Five days of student protests in Iran's capital have brought a smile to the Bush administration. Will the ruling Islamic clerics soon be ousted by an Iranian people-power revolution?

Not likely. These latest protests, like those in 1999, which also turned violent, reveal more about the weakness of the reform movement than its strength. They are confined largely to universities, and incited mainly by Persian-language satellite broadcasts sent by exiles in Los Angeles. And the spark this time was a move to privatize universities, hardly the stuff to drive a revolution.

Still, Bush officials are right to ask if Iran's poor and burgeoning population of young people is finally fed up with theocratic rulers who allow only enough democracy to keep it from challenging their conservative social and political grip on the country.

Unlike with Iraq, which he has invaded, or North Korea, which he has tried to isolate through multilateral diplomacy, President Bush appears stumped on how to deal with an Iran that has a half-formed democracy and partially tolerates dissent.

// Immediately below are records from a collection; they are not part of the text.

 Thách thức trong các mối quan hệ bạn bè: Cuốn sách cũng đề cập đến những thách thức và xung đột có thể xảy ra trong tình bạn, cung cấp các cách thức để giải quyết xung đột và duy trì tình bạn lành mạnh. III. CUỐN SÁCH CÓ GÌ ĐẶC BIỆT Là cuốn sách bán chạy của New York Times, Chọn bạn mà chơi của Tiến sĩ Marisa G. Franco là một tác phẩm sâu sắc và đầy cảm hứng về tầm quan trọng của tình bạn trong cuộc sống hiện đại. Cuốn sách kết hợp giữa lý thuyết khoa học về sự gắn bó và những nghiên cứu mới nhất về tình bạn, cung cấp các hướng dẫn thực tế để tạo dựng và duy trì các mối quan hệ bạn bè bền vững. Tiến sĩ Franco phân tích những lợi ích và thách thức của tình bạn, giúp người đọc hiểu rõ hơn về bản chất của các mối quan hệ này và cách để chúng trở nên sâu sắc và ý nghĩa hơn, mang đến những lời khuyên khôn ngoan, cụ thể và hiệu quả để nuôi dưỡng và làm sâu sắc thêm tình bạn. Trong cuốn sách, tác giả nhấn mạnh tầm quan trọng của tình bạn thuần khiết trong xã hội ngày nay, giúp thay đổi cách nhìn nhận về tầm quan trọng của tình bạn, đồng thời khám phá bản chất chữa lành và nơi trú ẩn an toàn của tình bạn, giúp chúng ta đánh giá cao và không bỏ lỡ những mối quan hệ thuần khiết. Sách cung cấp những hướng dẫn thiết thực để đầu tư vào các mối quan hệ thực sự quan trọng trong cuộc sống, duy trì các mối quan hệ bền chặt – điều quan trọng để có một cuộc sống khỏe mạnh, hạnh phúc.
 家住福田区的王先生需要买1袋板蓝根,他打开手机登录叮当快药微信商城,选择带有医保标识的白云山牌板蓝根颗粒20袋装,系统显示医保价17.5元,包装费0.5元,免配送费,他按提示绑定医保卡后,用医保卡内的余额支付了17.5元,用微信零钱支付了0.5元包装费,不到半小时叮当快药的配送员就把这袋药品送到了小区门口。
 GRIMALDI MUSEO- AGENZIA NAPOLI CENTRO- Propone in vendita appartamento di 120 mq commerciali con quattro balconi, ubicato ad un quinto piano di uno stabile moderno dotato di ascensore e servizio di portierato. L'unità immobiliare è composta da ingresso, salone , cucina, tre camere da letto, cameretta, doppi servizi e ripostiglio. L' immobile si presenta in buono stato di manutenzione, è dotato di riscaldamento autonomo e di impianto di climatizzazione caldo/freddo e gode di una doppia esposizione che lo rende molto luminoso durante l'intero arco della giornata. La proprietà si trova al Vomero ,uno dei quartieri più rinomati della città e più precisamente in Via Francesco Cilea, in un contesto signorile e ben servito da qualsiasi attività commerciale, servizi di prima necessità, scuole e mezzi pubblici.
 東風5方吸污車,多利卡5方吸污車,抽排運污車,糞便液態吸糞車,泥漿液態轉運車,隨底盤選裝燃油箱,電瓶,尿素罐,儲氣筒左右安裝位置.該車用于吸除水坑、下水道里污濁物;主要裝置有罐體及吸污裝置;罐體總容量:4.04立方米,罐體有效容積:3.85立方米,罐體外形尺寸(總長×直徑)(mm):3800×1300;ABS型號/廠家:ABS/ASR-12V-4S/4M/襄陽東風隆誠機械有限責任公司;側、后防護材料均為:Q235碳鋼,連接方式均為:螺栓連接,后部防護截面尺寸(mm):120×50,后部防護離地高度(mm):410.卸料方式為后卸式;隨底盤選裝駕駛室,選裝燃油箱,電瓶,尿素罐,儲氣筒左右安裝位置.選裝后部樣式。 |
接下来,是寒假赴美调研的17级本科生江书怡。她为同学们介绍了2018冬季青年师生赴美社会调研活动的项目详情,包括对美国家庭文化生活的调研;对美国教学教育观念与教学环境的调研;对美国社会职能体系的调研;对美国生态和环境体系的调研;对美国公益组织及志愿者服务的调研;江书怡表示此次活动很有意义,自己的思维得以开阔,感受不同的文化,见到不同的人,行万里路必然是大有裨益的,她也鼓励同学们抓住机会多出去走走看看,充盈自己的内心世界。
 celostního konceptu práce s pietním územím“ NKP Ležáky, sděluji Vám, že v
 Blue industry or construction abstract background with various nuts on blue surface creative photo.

Bush officials verbally support the dissent, but know that any material support for "regime change" would backfire. They haven't endorsed a Senate bill that would fund Iranian pro-democracy groups. Iran's clerics claim that covert US aid is already behind the protests; this allows them to whip up anti-American sentiment and send out thugs to attack students.

Mr. Bush already has Iran on the defensive in the United Nations, which has found that Iran's nuclear program violates international rules. And the US charges some Iranian leaders with supporting an Al Qaeda bombing in Saudi Arabia last month, in addition to Iran's long support for Hizbollah in Lebanon.

Rebellion in Iran may be years away, yet the US needs action soon. Iran might have a nuclear device within a few years. For now, the best course is direct diplomacy and urging other nations to push Iran for more democracy and an end to support for terrorists.